Alright, so now what do I do with this?
Well, whatever you want. All this will have accomplished is a MariaDB database full of latitudes and longitudes. It’ll put them all into a single table called gps_data
.
What I did with it was use Grafana
. I installed Grafana as an add-on, and created a new visualization pointed to my MariaDB database. I created a simple dashboard using the ‘Geomap’ option, and used the following as the Query, after initially selecting my ‘rv_tracking’ database:
SELECT
timestamp,
latitude,
longitude
FROM
gps_data
ORDER BY
timestamp ASC;
I set the base layer as ‘OpenStreetMap’ and Layer 1 as ‘Route(Beta)’, under ‘Map view’ I selected ‘Fit to Data’ and… boom!

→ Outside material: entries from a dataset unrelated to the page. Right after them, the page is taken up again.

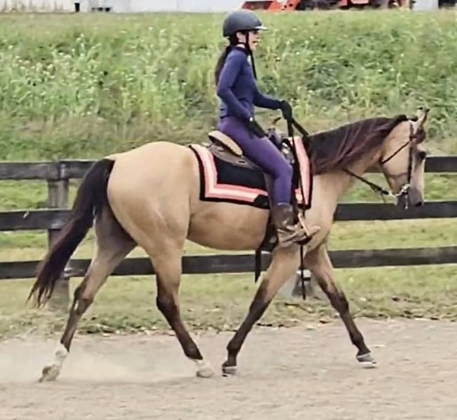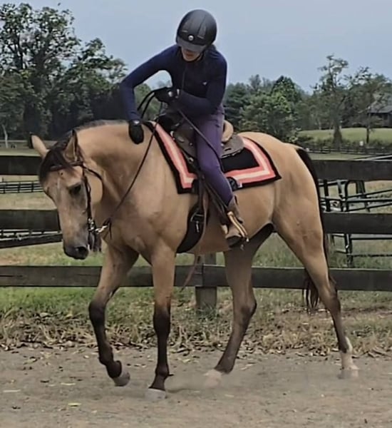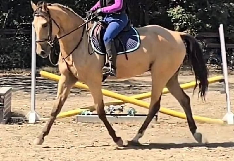 "AVAILABLE ON ONLINE HORSE AUCTION AT www DOT MagicHorseAuction DOT com BIDDING OPEN NOW thru TUESDAY | November 11TH! - BUY IT NOW AVAILABLE! *Final price will be determined on auction site* CONSIGNOR CONTACT INFO: Nicole Ingrassia 571-289-2947 LOCATION: Jeffersonton, VA "Ripple In Time, aka ""RIPLEY"" Ripley is a beautiful, eye-catching buckskin grade QH Appendix gelding. He stick measures at the perfect size of 15.3H, making him big enough for many sizes of riders while also being a manageable size for more petite riders as well! Ripley is 5 years old, coming 6, and he has his whole life ahead of him. This bright and promising gelding has already been lovingly trained in both Western and English disciplines. Ripley will 1-handed neck rein, pick up the canter from the walk, side-pass, has a great stop, and is responsive to cues from the seat, leg, to bit pressure and moves off the leg without needing spur or crop. Ripley is one of the most comfortable horses I have ever ridden! He is butterly smooth to ride, sitting his walk trot canter is like silk! In English tack, Ripley has a foundation in dressage, and is currently schooling training and first level. He loves having a job to do and does not get bored with arena work and he loves dressage! He is a gorgeous mover with a lovely flatkneed trot, and he will happily frame up onto contact or go on a loose rein. Ripley has also been trained over jumps, and he canters a lovely course of jumps with fillers and solid obstacles. He jumps out of stride and has a ""hunter round"" look to him and he is suitable to continue in the hunter ring if his new owner wishes. Ripley has very nice manners, is easy to catch, likes attention, and has no vices. He is easy to have around, not a hard keeper, and he is not on any maintenance. Ripley is healthy and sound and clean legged with no blemishes. He has not had any injuries or illnesses and he is healthy and UTD on vaccines, dental, deworming, farrier, and coggins. We have clean x-rays on file for Ripley available as a courtesy, and buyers are welcome to do their own PPE as well at their expense. Ripley loads in a trailer, ships, ties and cross-ties, lunges, bathes, is not afraid of clippers, gets along well with others in turn out, can be stalled or live out, and is a maintenance-free kind of guy. If you are looking for a quality, talented, sweet gelding, a buckskin on top of everything, don't miss out! Please reach out with any questions or if you would like to come ride him. We are also happy to assist with a video call with interested buyers. Don't miss out on the horse of your dreams!
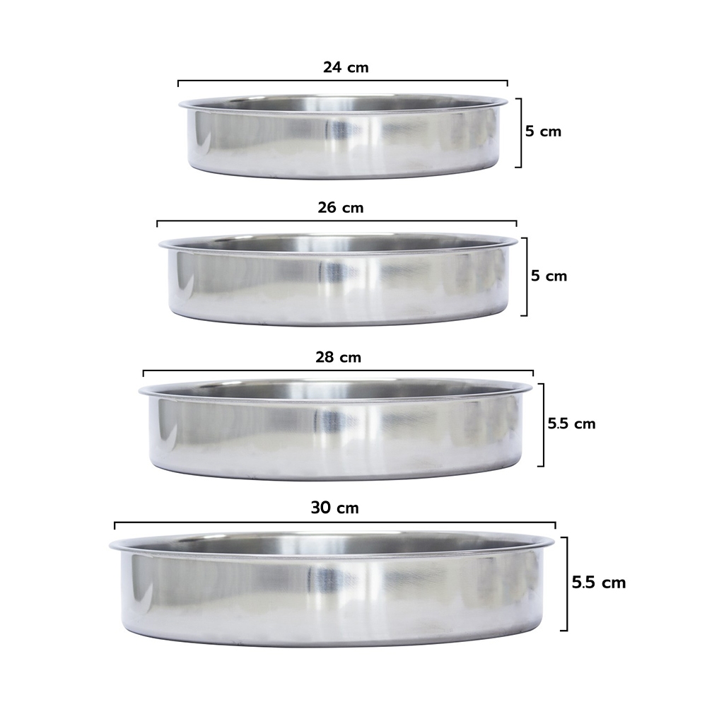 RRS ถาด กลมสแตนเลส ถาดเค้ก อเนกประสงค์ 24/26/28/30 ซม. ราคาต่อ 1 ใบ - เครื่องครัว
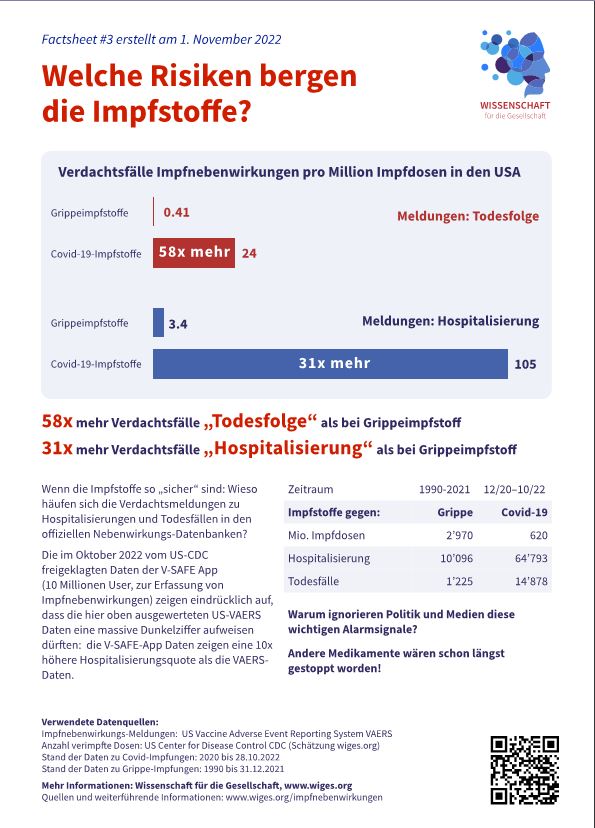 Verwendung einer giftigen Substanz Zusätzlich zu Art. 123 Ziff. 1 StGB (Grundtatbestand) ist auch Art. 123 Ziff. 2 StGB (qualifizierter Tatbestand) zu prüfen. Dieser sollte vorliegend deshalb zur Anwendung kommen, weil das von Pfizer (mit dem Namen BioNTech) als Covid-19-Impfung verbreitete Arzneimittel auch Substanzen enthält, welche offiziell als Gift klassifiziert sind und welche bei vielen Menschen wie ein Gift wirken. Zum Nachweis des giftigen Gehaltes bitte ich Sie, die Ausführungen in dem bereits erwähnten „Evidenzreport“ zur Strafanzeige der 6 Impfopfer zu konsultieren (Seiten 36- 48)2 . Dort finden Sie auch genaue Hinweise zur international offiziell anerkannten Toxizität der Lipidnanopartikel. Zudem verweise ich auf die öffentlich einsehbaren Register zu schweren Nebenwirkungen aus den USA (VAERS)3 , aus der EU (EMA) und von Swissmedic. Aus der Übersicht zu den Daten der VAERS USA können Sie ablesen, dass die Covid-19- Impfungen sogar 58 Mal häufiger zu Meldungen über Todesfolgen führen als gewöhnliche Grippeimpfungen. Verständlich zusammengefasst auf der Homepage der Vereinigung: Wissenschaft und Gesellschaft, WIGES auf:
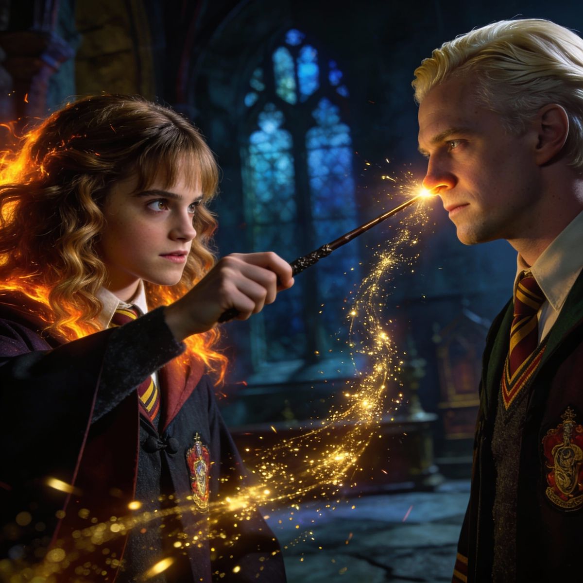 This image depicts Hermione Granger with fiery determination, striking Draco Malfoy's nose. The scene is rendered with deep colors and intricate detail in a fantasy concept art style, emphasizing dramatic lighting and realism.
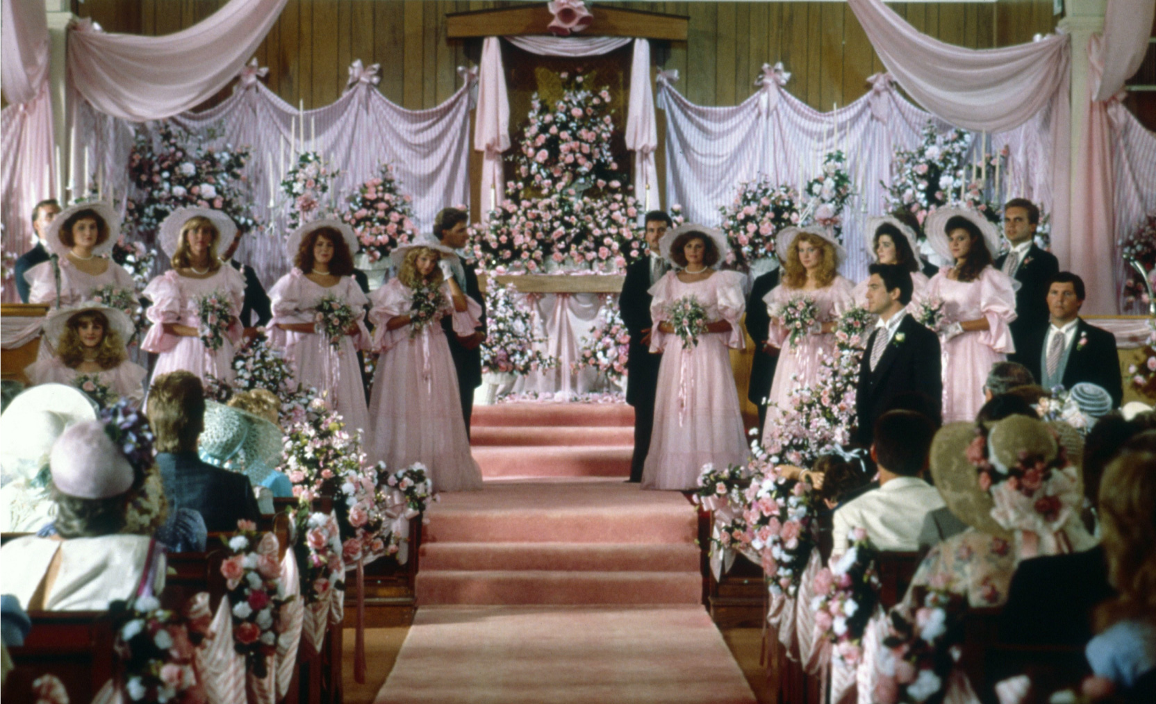 In the Oscar-nominated film adaptation of the 1987 play of the same name, this scene of "Steel Magnolias" showcases Shelby's (Julia Roberts) iconic, "blush and bashful" wedding ceremony—hosed down with Pepto Bismol-pink hues.

Now I have a simple map visualization with a blue line tracing everywhere I’ve been with the RV over the last several years. Thousands of miles worth of data visualized efficiently; and it will continue to update in real-time. I then clicked the three little dots, hit ‘share’, and used the link it provided in a webpage card to place that data on my dashboard.
In the off chance that this weirdly niche little thing is somehow useful to someone else; or can be modified in some way to be useful to someone else, enjoy!